The surgeon said once he sees the tumor and removes it he will know
 if I need radiation or chemotherapy after the surgery.

The good news is the CT scan of my chest looked clear of any cancer! Finally some good news. Other things I have in my favor are that I am young and otherwise healthy. My body should heal fast.

I am worried about being in surgery for now 12-16 hours, or more. But as much as I hate to admit it I am worried about seeing myself after surgery. I have always been pretty. I don't know what to do if all of the sudden I look deformed. I think the final blow for vain me was my invisilign. My teeth were really starting to look great, and now I have to pause treatment, or restart it at some point in the future if at all. I have to remove the brackets I have for that today, and it's very emotional for me. It was the one normal thing I was hanging on to. The one thing that wouldn't change because of all of this.

I know I am lucky they are saving my life from cancer. I am grateful my prognosis looks good so far. I want to live! But I can't help but feel like the life I have lived so far is ending and I will be different when I wake up. I guess only time will tell.

Still no actual date for surgery. There are a lot of teams of doctors to coordinate. It will be sooner than later.

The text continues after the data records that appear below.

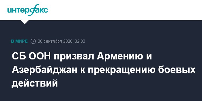 Москва. 30 сентября. INTERFAX.RU - Члены Совета Безопасности ООН призвали Азербайджан и Армению к немедленному прекращению боевых действий и возращению к конструктивным переговорам.
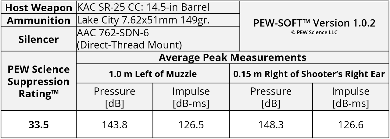 PEW Science Research Note 10: Note that the muzzle Suppression Rating of the AAC 762-SDN-6 is 32.9 and the at-ear Suppression Rating is 22.4; different zones on the Suppression Rating Dose Chart. In the tested configuration, the blast loads from the tested weapon system are significantly suppressed, but not suppressed enough for a human to forgo the use of hearing protection, for most use operator use cases. However, use of the AAC 762-SDN-6 silencer on the SR-25, when compared to firing the SR-25 unsuppressed, may significantly reduce the risk of blast overpressure injuries, such as traumatic brain injury (TBI), particularly near reflecting surfaces.
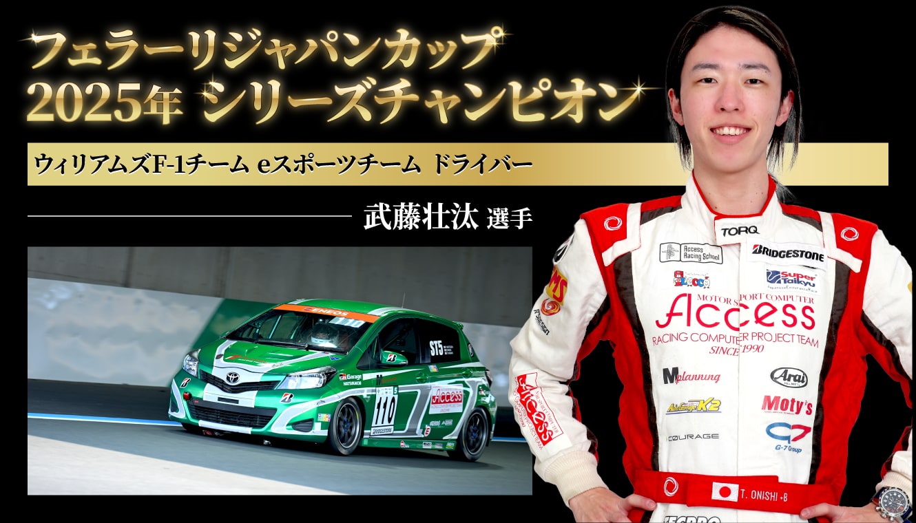 フェラーリジャパンカップ2025年 シリーズチャンピオン、ウィリアムズF-1チーム eスポーツドライバーである武藤壮汰選手が、自身のドライビング理論をまとめた “Sota Muto ドライビングスキル 向上プログラム”を開催いたします。
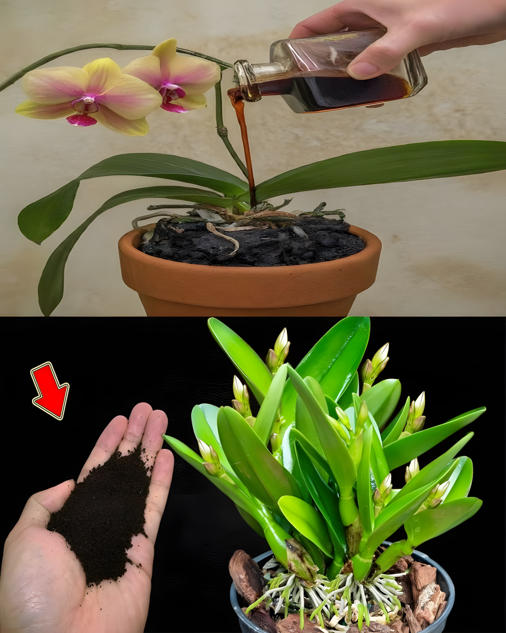 Slechts een theelepel en plotseling bloeit de orchidee op wonderbaarlijke wijze met vele bloemen
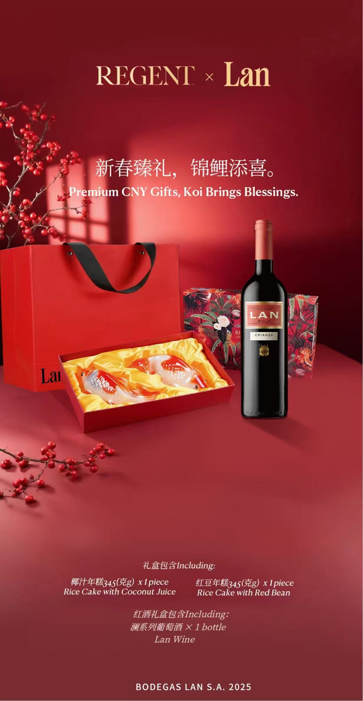 马年新春将至,LAN澜酒与丽晶酒店联名呈献“锦鲤贺岁”限定礼袋,内含酒店手作年糕与LAN澜酒甄选佳酿。锦鲤纹样跃然礼盒,寓意“鱼跃龙门,骏程万里”;LAN酒的醇厚丹魄,更添“马到功成”的吉庆。
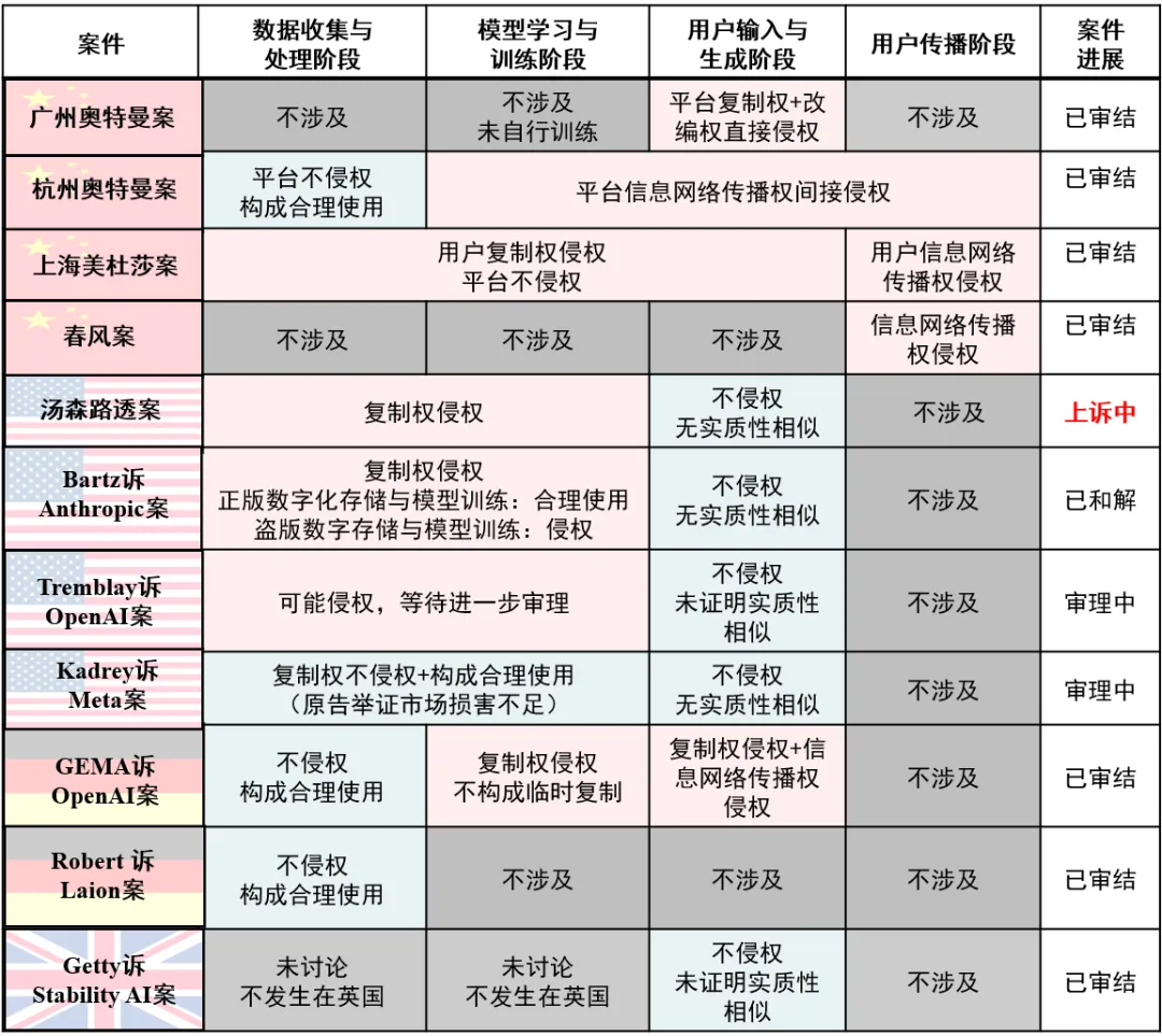 此外,针对 AI 行为的司法认定,应采取“阶段性拆解判定”还是“整体性判定”,全球司法界尚存分歧。广州奥特曼案采取了吸收逻辑,认为复制权与改编权的判定已足以涵盖信息网络传播行为,无需重复评价。美国法院在处理 AI 侵权案件时,亦呈现出明显的整体性判断倾向,尤其针对输入和训练阶段的行为,往往综合认定。而德国GEMA诉 OpenAI案则提供了拆解范式,对数据处理、模型训练及用户生成等各阶段行为进行独立定性。GEMA诉 OpenAI案甚至认定输出端的复现行为同时触及复制权与信息网络传播权,理由是生成内容在模型或用户服务器上的任何形式存储,均构成了对复制权的侵害。

I won't be able to talk much with my jaw wired shut, but maybe blogging will be therapeutic?
I will be in the hospital for at least 7-10 days.  
Please pray not only for me but especially for Cory and my family. 
Our only way around this is through it. We have no choice but to move forward, but my goal is to come out on the other side stronger, and unbroken. The Savior is the only one who can make that happen. I know He is aware of me and I can feel the prayers being offered on my behalf.

Let's take it from the top...

I feel like it's time I explain myself. I have been sick for several months, with being lightheaded, and dizzy mostly. After many, many, many trips to the doctor, and me trying to convince my doctor I wasn't crazy I finally have some answers.
I have a tumor where my right jaw joint should be. My joint is completely gone and the tumor is destroying more bone as it grows.
We received good news and bad news. The bad news is they think it is cancerous, but the good, no GREAT news is they think it is a low grade cancer!
That means the survival rates are very high. I will be having surgery soon to remove the tumor and reconstruct the bone that has been destroyed or has to be removed.

I felt like I better explain so everyone has the real story. I am sick, yes it is serious, BUT I am well. I have received and continue to receive lots of support. I trust my doctors, and feel comfortable with what they have planned. Most of all I have wonderful parents who have really stepped up to the plate to help with my four kids, and an amazing husband who has been a dad and a mom for the last a several months.
I do not particularly like sharing very personal things publicly, especially on FB. But I feel strongly that #1 I need to honest about what is going on and 
#2 I need to take every opportunity I have to share my testimony of Jesus Christ with others.
Cory and I have been through hard trials before, and I know we will get through this trial also. Sometimes life really sucks! I know I can't get through this on my own, but I know if I turn to the Savior, he will carry me through this. We live in an imperfect world, and have imperfect bodies. But I know I am still being blessed!

My goal is to share my journey and
acknowledge the blessing my family and I receive along the way.